We use cookies. Read the Privacy and Cookie Policy

Пытки. Избиения. Записки с изолятора

Снова о письмах.

Была просьба от одного из читателей связаться с автором письма, которое было опубликовано. Давайте сразу договоримся, что таким образом сводить людей я не буду. И публиковать адреса пишущих мне тоже не буду (за некоторым исключением). Если вы увидели какую-то общность взглядов с кем-то из читателей, напишите то, что вы думаете по той же теме, свой комментарий — и если таким образом вы заинтересуете того человека, и у него возникнет встречное желание — тогда нет проблем. Писем довольно много, и согласовывать кто с кем хотел бы познакомиться не представляется возможным.

Вот в таком случае, который описан в письме ниже, это другое дело, с радостью сообщу адрес тем, кто узнал своего кореша.

Здравствуйте, Виталий и все кто читает это письмо. Очень было бы уместно в Вашей (нашей) рассылке разместить поисковый раздельчик, для поиска затерявшихся друзей и близких. Очень многие, я думаю, нашли бы друг друга. На данный момент я ищу Диму Директора, с кем я отдыхал во Владимире на 1-й в –98 г. Думаю, он сейчас где-то в Иванове. Женьку Философа из Вильнюса, с ним оттягивался в депортационной в Цюрихе в –02 г. Я сейчас не ломаю, а строю (принципиально), и связи, которым я доверяю, мне очень нужны.

С уважением, Вадим Горький. Удачи Всем!

Предложение принимается, спасибо за идею.

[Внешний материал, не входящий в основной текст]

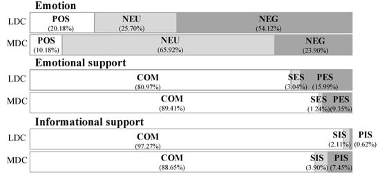 Figure 2 shows the proportion of postings of each type in the two communities after classification. Regarding emotion, it can be seen that more than half of the postings in the LDC expressed negative emotion, while in the MDC, most postings expressed neutral emotion. In terms of social support, postings regarding emotional support in the LDC were more than those in the MDC, and postings regarding informational support in the MDC were more than those in the LDC.

Все, кто хотел бы найти тех, с кем пришлось париться на нарах, делить пайку — пишите, обещаю публиковать немедленно. Нас читают не только на просторах нашей необъятной родины, но и за рубежом — Германия, США, Австралия, Япония и даже Самоа. В этой связи во мне все больше крепнет идея создания тематического веб-сайта.

А вот письмо от представителя прокуратуры (кстати, по данным статистики, таких людей среди читателей немало)

Прочитал два последних выпуска рассылки. Считаю, что Вы занимаетесь нужным делом. Действительно, от сумы и от тюрьмы не зарекайся. Ну, если сумой каждый распорядится по своему разумению, то в тюрьме порядки свои. Я работаю в прокуратуре, поддерживаю обвинение. Из личного опыта могу сказать, что в большинстве случаев за решетку народ отправляется по своей же глупости, своего поведения в быту. Как в фильме — "украл, выпил, в тюрьму". Все в состоянии алкогольного опьянения — или украл, или кухонным ножом в бок лучшему другу или отцу, или в пьяном угаре гоп-стоп. А потом будешь сожалеть, эх, если б не выпил, то бес не попутал бы. Поэтому хотелось бы через Вас донести до подписчиков то, что если человек будет чаще задумываться над своими действиями и давать им адекватную оценку, то его шансы совершить преступление, а, соответственно, и оказаться на зоне значительно снизятся.

Best regards, sir_Galant

Нет сомнений — и совершенно с вами согласен. Большинство сейчас попадает на нары по глупости и пьяни. Один удавил бабку, за то, что она ему самогону не продала, другой в день выхода после 4-х летней отсидки пьет, встречает своего "терпилу" (т. е. потерпевшего по его прежнему делу) — бьет, забирает кошелек (как и 4 года назад!) и в тот же день садится на следующие 7. Но беспокоит меня еще и другая сторона.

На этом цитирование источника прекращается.